APsystems APS ECU R local inverters data pull

I had another weird issue today:

2021-01-10 02:33:09 WARNING (MainThread) [custom_components.apsystems_ecur] Using cached data from last successful communication from ECU. Error: Result on 'Inverter data' incorrect end signature '202' != END data=b'4150533131303031353030303230320a'
2021-01-10 02:34:09 WARNING (MainThread) [custom_components.apsystems_ecur] Using cached data from last successful communication from ECU. Error: Result on 'Inverter data' incorrect end signature '202' != END data=b'4150533131303031353030303230320a'
2021-01-10 13:03:31 WARNING (MainThread) [custom_components.apsystems_ecur] Using cached data from last successful communication from ECU. Error: Error getting checksum int from 'Inverter data' data=b''
2021-01-10 13:04:51 WARNING (MainThread) [custom_components.apsystems_ecur] Using cached data from last successful communication from ECU. Error: Error getting checksum int from 'ECU Query' data=b''
2021-01-10 13:05:51 WARNING (MainThread) [custom_components.apsystems_ecur] Using cached data from last successful communication from ECU. Error: [Errno 111] Connection refused
2021-01-10 13:06:51 WARNING (MainThread) [custom_components.apsystems_ecur] Using cached data from last successful communication from ECU. Error: [Errno 111] Connection refused
2021-01-10 13:07:51 WARNING (MainThread) [custom_components.apsystems_ecur] Using cached data from last successful communication from ECU. Error: [Errno 111] Connection refused

And then it continued to do connection refused for the next many hours, until I noticed and power cycled the ECU.

I’ve altered my code (and pushed to github) so it will only provide cached data 5 times.
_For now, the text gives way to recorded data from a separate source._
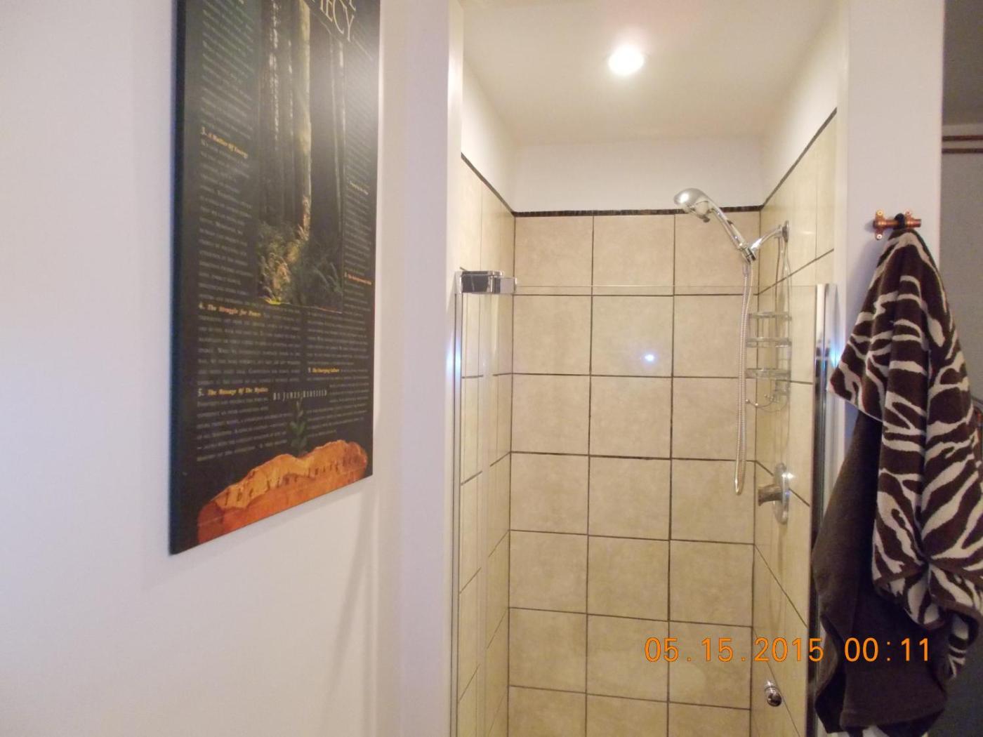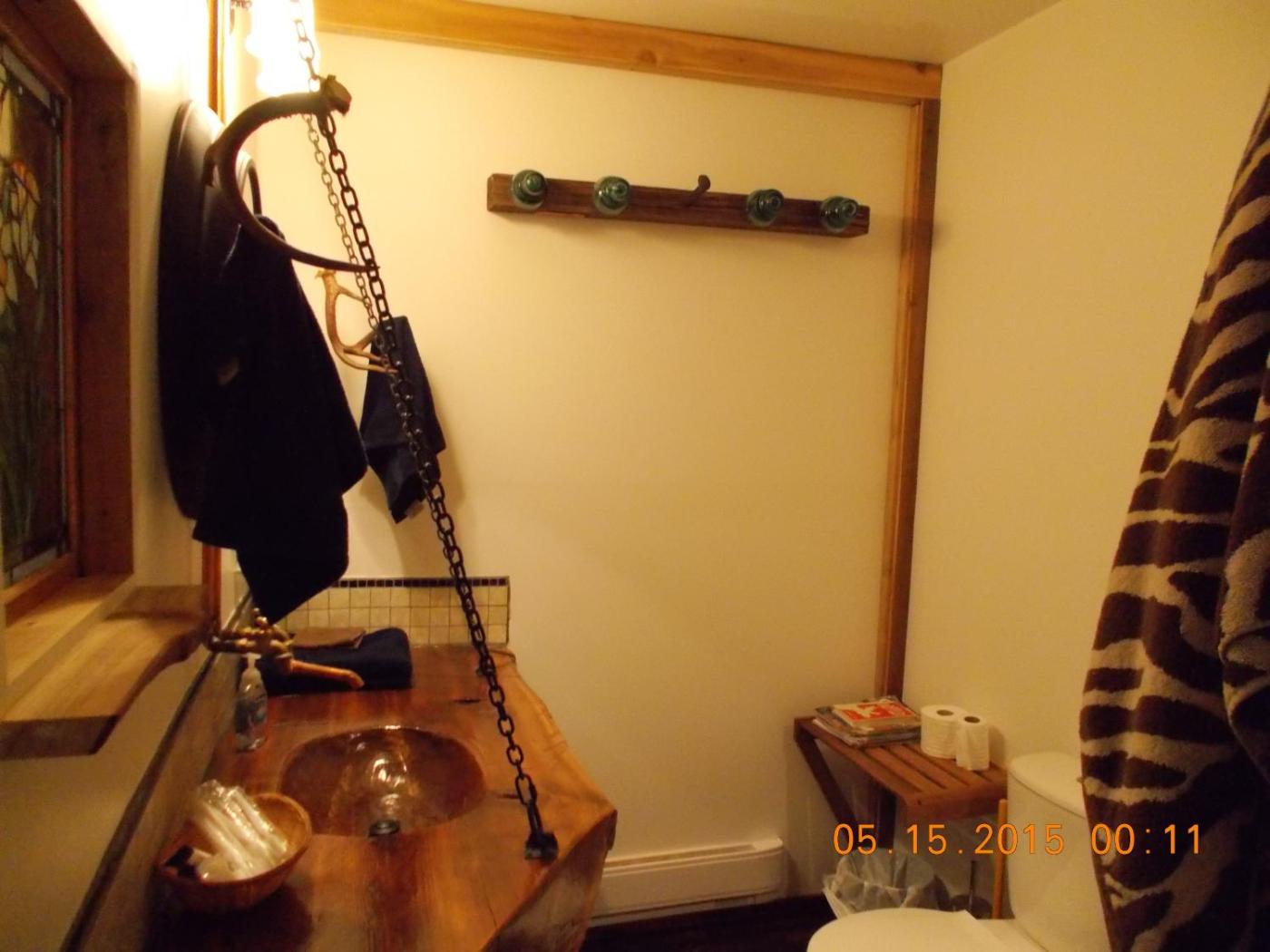Chalens Chalet. This twindouble room features a balcony, barbecue and microwave. A private bathroom feature 3X4 foot tiled shower, a hand carved cedar bathroom sink, wooden counter tops, and tiled back splash. ;
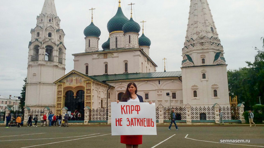 Четверо активистов коммунистической партии в Ярославле начали серию пикетов на Советской площади Ярославля. Они встали с плакатами в разных частях площади на расстоянии больше 50 метров друг от друга.
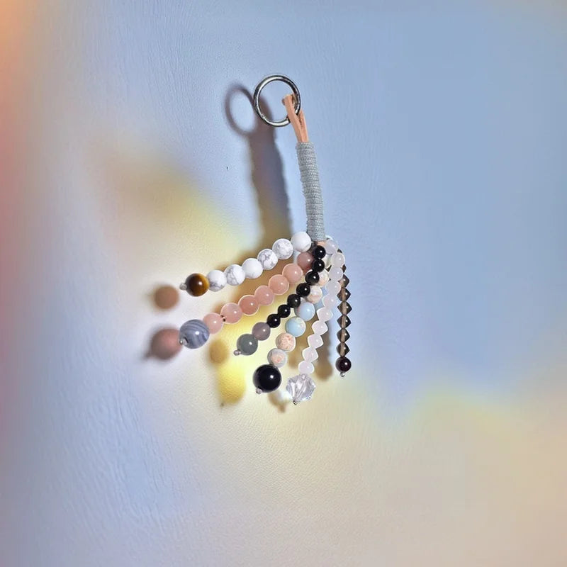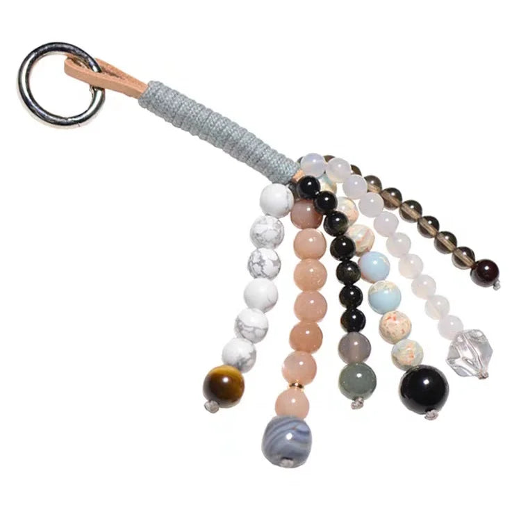 This handcrafted bag charm brings together nine types of natural gemstones, including Tiger’s Eye, Sunstone, Smoky Quartz, Clear Quartz, Goldstone, and more—each bead carefully selected for its natural color and symbolic meaning. Threaded onto strong cotton and cowhide cord, the strands form an elegant beaded tassel that sways softly with every step. Whether used as a keychain, a lucky charm, or a stylish accessory for your handbag, this piece radiates a serene and harmonious energy. With its minimalist knot work and multi-color palette, it adds a subtle statement of mindfulness, nature, and artisanal beauty. Total length is approximately 13cm, making it the perfect lightweight accent for everyday use or thoughtful gifting.
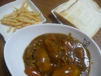 カレー&トースト:500kcal (カレー、食パン〔8枚切・2枚 230kcal〕)
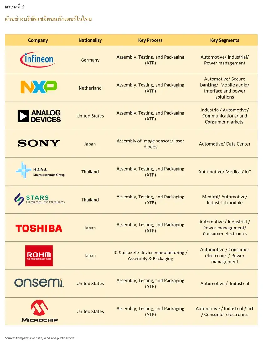 ขณะเดียวกัน อุตสาหกรรมปลายน้ำในไทยที่สำคัญและหลากหลาย เช่น ฮาร์ดดิส (HDD) เครื่องใช้ไฟฟ้า โทรคมนาคม ดาตาเซ็นเตอร์ และยานยนต์สมัยใหม่ ช่วยหนุนความต้องการของอุปกรณ์เซมิคอนดักเตอร์ในประเทศ ข้อได้เปรียบเหล่านี้ถือเป็นปัจจัยสำคัญที่ดึงดูดการลงทุนในอุตสาหกรรมเซมิคอนดักเตอร์อย่างต่อเนื่อง โดยเฉพาะการลงทุนในกิจกรรมการผลิตขั้นต้นน้ำที่มีมูลค่าเพิ่มสูงขึ้น
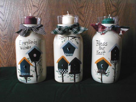 They hold a votive holder and a candle which are included. Each jar is tied with a coordinating strip of material.
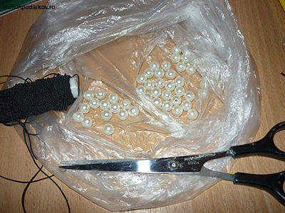Отрезаем 40-50 см резинки. Нанизываем три бусины на резинку. А в четвертую бусину, продеваем два конца резинки навстречу друг-другу.
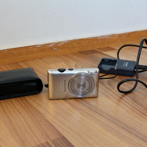 Canon IXUS 115 HS kompaktikamera pinkissä värissä. Taskukokoinen digikamera, jossa kiinteä objektiivi ja sisäänrakennettu salama. Takana suuri näyttö kuvien katseluun ja valikoiden selaamiseen sekä peruspainikkeet kuvaustilojen ja asetusten hallintaan. Kamerassa on rannelenkki kiinnitettynä. Rungossa on käytön jälkiä ja pieniä naarmuja, jotka näkyvät kuvissa. Muuten täysin toimiva.
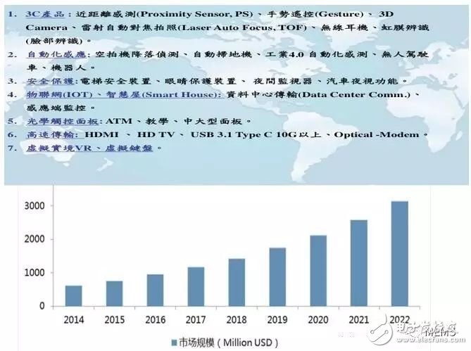 图8 芬兰Picosun派克森公司推出的ALD原子层沉积技术的设备,可以让VCSEL的器件更稳定从光通信到消费电子,VCSEL激光器迎来爆发VCSEL曾在光通信应用市场里“发光发热”,被广泛关注,现在又增加了3D传感的应用,以市场来说,如果以华为、OPPO、VIVO、三星等为首的高端机型第二梯队快速响应与普及,每年全世界消费10多亿部智能手机,如果每部手机嵌入2-3颗VCSEL激光器件,就是二三十亿颗的市场规模。如今,全球VCSEL的总收入已接近8亿美元,预计到2020年该值会增长到21亿美元。未来,除了光通信与3D传感,当VCSEL激光器量产供应链形成之后将带动产品价格的全面平民化,包含AR智能眼镜、智能驾驶的激光雷达等一系列颠覆式应用将彻底从概念化小众市场得到快速普及,如图9所示,VCSEL市场将会进一步爆发。
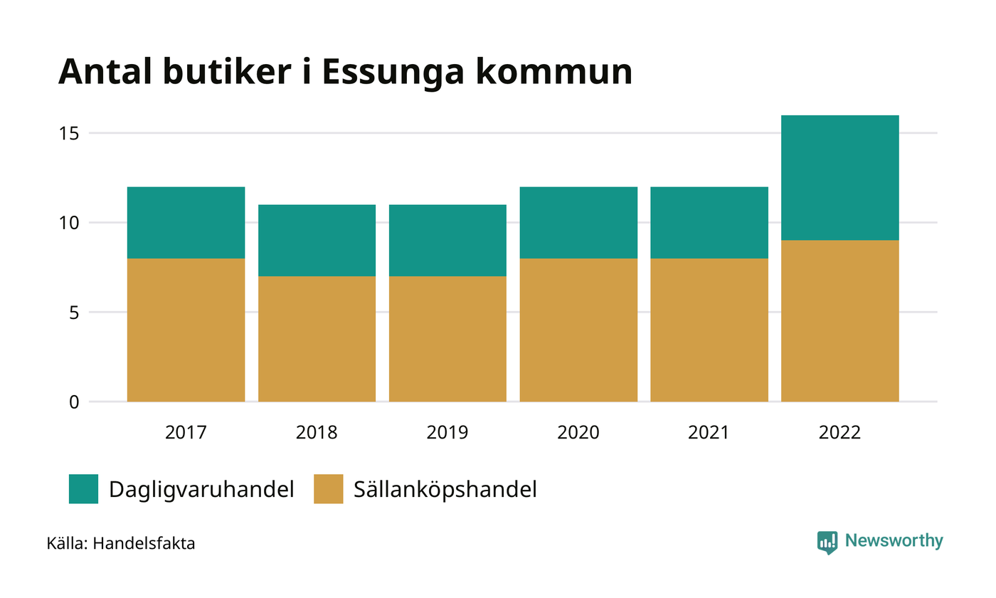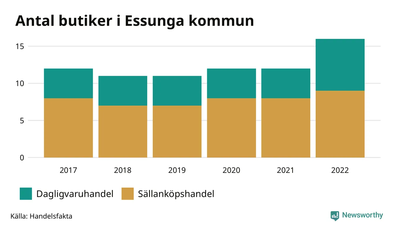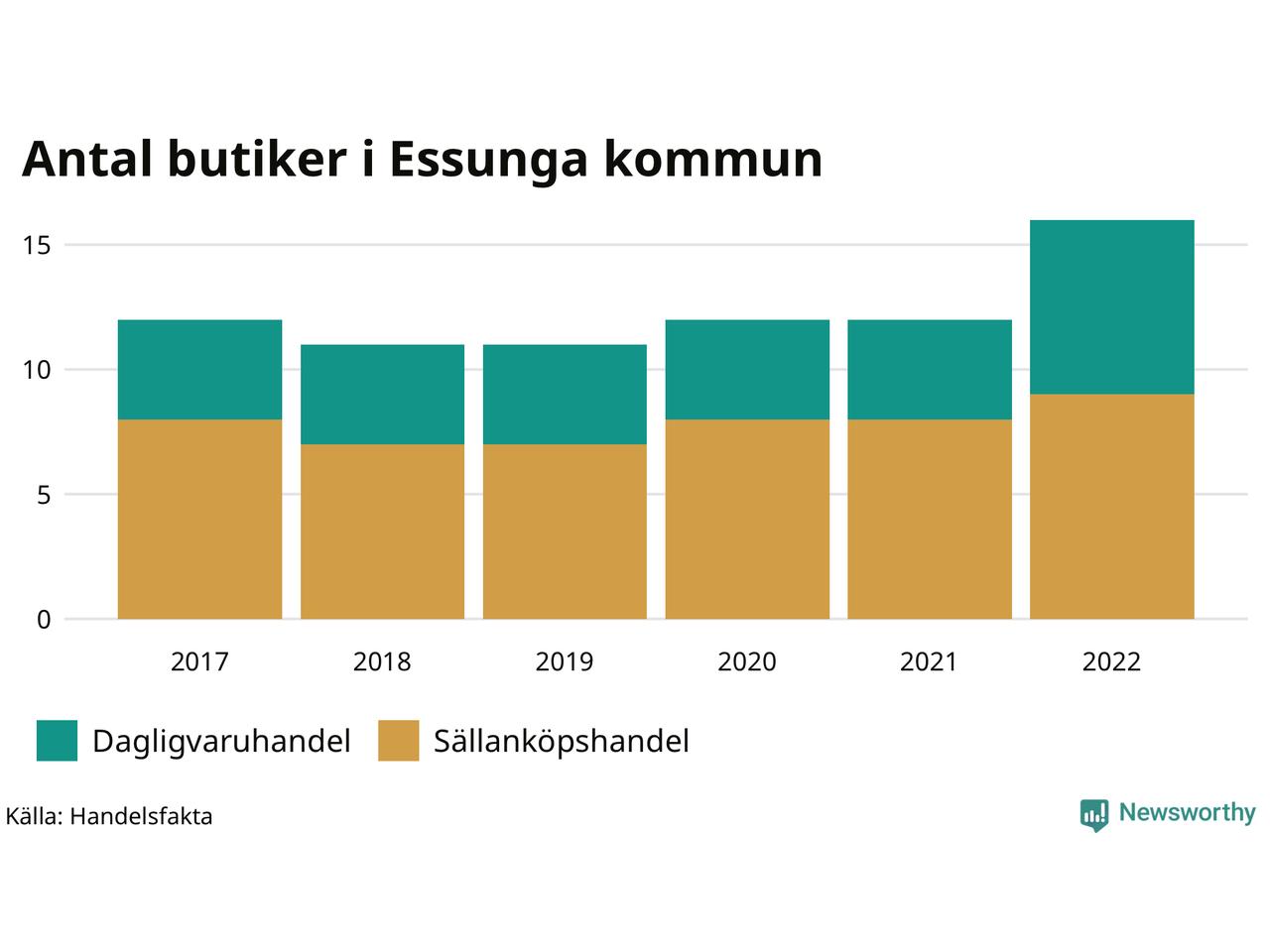 I Essunga rör det sig om små tal. Den 30 november 2022 fanns 16 butiker i kommunen, vilket är fyra fler än året innan och fyra fler än 2017.
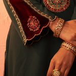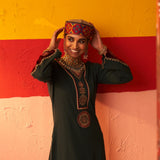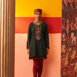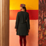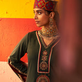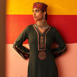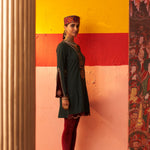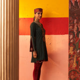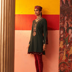 Green Women Woollen Kurti with Inserts and Zari Work

After that an exception and error will occur and HA will mark them as unavailable. I figured this was the “correct” thing to do - so if you wanted you could put the ECU on a smart switch and power cycle it automatically.

I’m testing now with this change. Not a particular easy thing to test with since I need it to go unavailable, and this is the first time in a week that it has.

If you guys think it should be longer than 5 times, or we should change this behavior, let me know. Maybe i’ll make it a variable in the yaml file you can adjust.

Not sure it makes me happy that i was not the only one, or sad that it happens with you too. Think it’s the latter, if device cant recover a stuck port and starts refusing, its not good.
I do suspect it comes with the Wifi connection having a transmission error and then the port screws up. This level of possible network trafficking issues, i cant investigate, that requires whole different kind of networking hardware.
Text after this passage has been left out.